Oudshoorn is a Dutch science and technology studies scholar of considerable renown, especially for work on hormones (Beyond the Natural Body: An Archaeology of Sex Hormones, New York: Routledge, 1994) and the consumption junction (How Users Matter, coedited with Trevor Pinch; Cambridge, Mass.: MIT Press, 2003). She draws on both domains of expertise in her book on this surprisingly understudied topic. It is beautifully written and analytically quite sophisticated without being at all dense.

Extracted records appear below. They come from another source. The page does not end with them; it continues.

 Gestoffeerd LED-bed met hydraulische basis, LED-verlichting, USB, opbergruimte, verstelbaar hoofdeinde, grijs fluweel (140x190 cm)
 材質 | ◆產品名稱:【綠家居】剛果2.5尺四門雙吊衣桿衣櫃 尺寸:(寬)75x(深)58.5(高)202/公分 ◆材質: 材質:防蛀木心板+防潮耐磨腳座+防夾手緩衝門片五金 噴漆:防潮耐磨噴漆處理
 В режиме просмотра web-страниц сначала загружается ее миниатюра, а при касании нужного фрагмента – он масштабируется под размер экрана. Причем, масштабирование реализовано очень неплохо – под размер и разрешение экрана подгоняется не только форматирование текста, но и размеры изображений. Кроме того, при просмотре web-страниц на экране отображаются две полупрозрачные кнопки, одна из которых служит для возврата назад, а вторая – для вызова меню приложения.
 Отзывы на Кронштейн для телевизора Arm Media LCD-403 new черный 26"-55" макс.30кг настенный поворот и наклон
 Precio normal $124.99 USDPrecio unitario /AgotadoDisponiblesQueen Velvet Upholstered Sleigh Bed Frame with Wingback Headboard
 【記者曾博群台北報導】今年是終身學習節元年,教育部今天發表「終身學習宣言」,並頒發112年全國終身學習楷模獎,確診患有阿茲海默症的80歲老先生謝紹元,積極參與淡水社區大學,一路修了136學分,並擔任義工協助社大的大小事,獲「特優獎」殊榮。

This is important recent history not only in terms of medicine, techno-science, reproduction, and feminist studies but also and fascinatingly in terms of North/South and postcolonial studies. Two of the major actors in the development of the male Pill were the governments of China and India. Both have often been portrayed by feminists and others (accurately so) as profoundly exploitative of women in terms of population control strategies. Neither has been avid regarding the reproductive rights of women. Oudshoorn gives a much more nuanced reading, but one that does not lose its feminist bite. That is, governmental support for the development of a male Pill by India and China is not feminist in its origins but concerned with population control. Ironically, those governments then ended up allied with segments of Western feminists in advocating for more male contraceptive development generally and the male Pill specifically. Odd bedfellows indeed! This alliance then had to convince multiple transgovernmental [End Page 608] organizations and nongovernmental organizations (including the UN Family Planning Agency and the World Health Organization) as well as reproductive scientists and clinical researchers to go down this research path—more accurately, to create the path itself. In the 1950s there were only six sites on the planet where male reproduction appeared on the research agenda. Male contraceptive development was and remains an uphill battle.

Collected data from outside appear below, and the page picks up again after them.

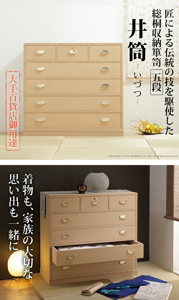 桐たんす 着物 収納 国産 総桐収納箪笥 5段 井筒 いづつ 桐箪笥 桐タンス 衣装タンス 衣装箱 桐衣裳ケース たんす チェスト 桐 桐天然木 たとう紙 保管 引出し 和箪笥 和たんす 和タンス 整理タンス 日本製
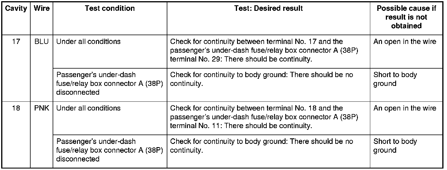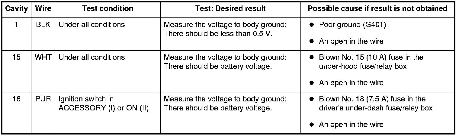 4. Reconnect the connector, and make these input tests at the connector.
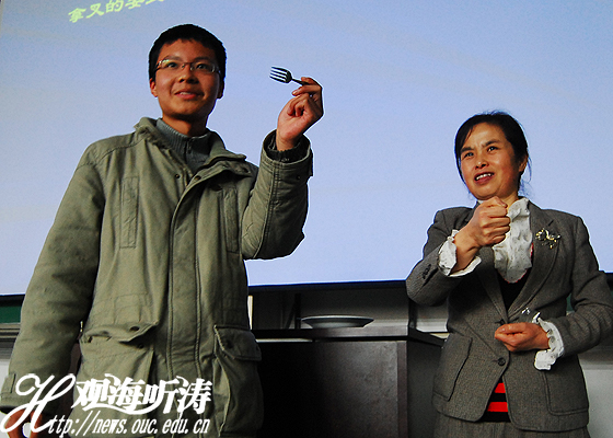 在接下来的讲座中,慎丽华着重介绍 “餐饮礼仪”。她就中餐与西餐中人们应有的规范礼仪作讲解,并着重强调中西餐中的禁忌。为了让同学们印象深刻,慎丽华请几名现场的同学到讲台前表演如何使用西餐的工具。在慎丽华细心教导下,几名同学都举止规范地使用起西餐刀叉。在其他就餐细节中,她讲解 “自助餐”的注意事项以及酒水与菜肴搭配问题等。
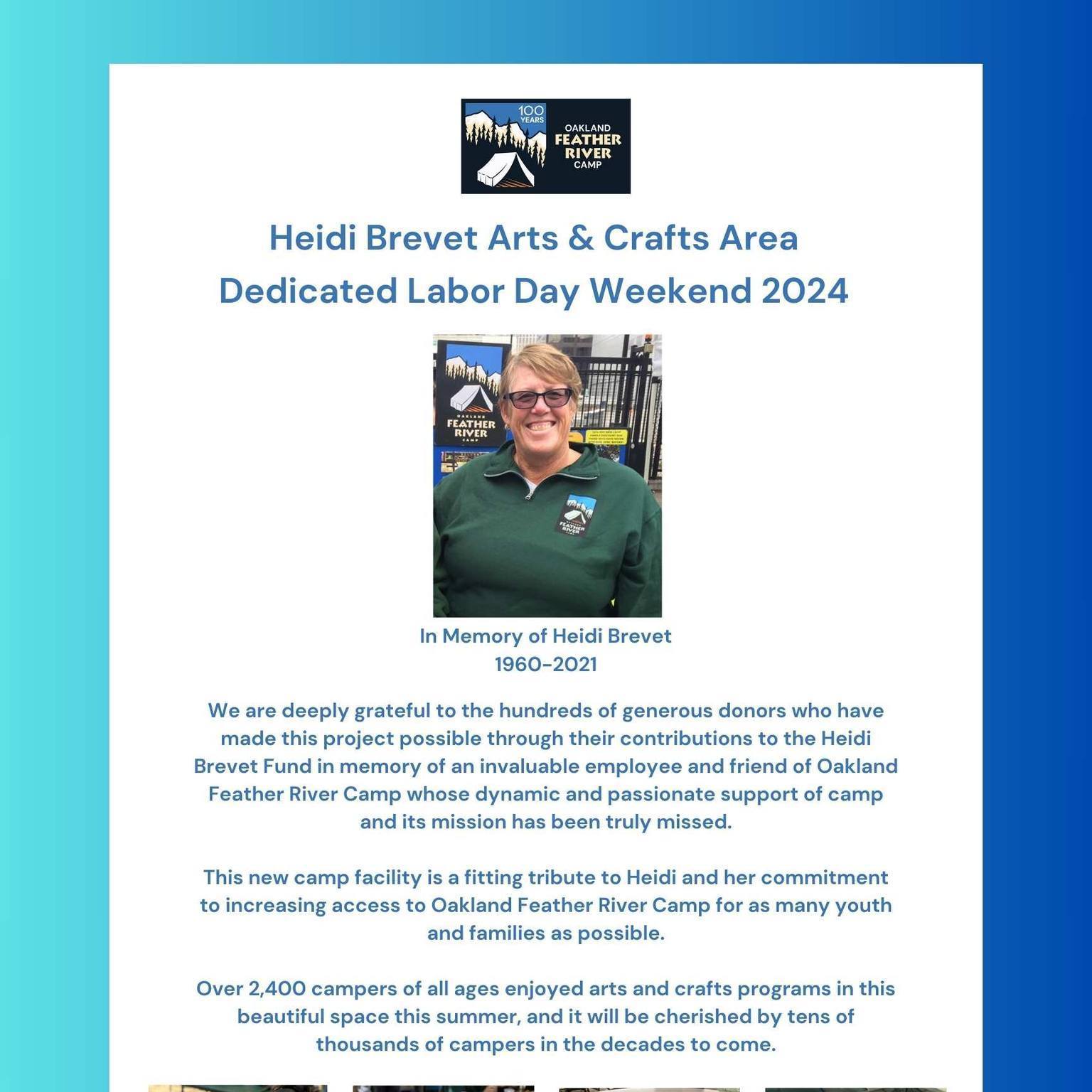 This Labor Day Weekend, Oakland Feather River Camp dedicated the new Heidi Brevet Arts & Crafts Area at Oakland Feather River Camp. They are grateful to Heidi's sister Erica and the hundreds of donors who have joined her in honoring their dearly missed colleague and camper.

Oudshoorn helps readers grasp how stunning differences—including resistances within segments of the scientific and other communities involved—are tolerated within large, multisited, social organizational efforts over time. Somehow the broader, long-term commitments to improving male contraception have greased the skids under various recalcitrant elements in ways that are still keeping this project moving. Few studies have taken up such multinational scientific research projects, although these are becoming increasingly common. Oudshoorn's work will serve as a model.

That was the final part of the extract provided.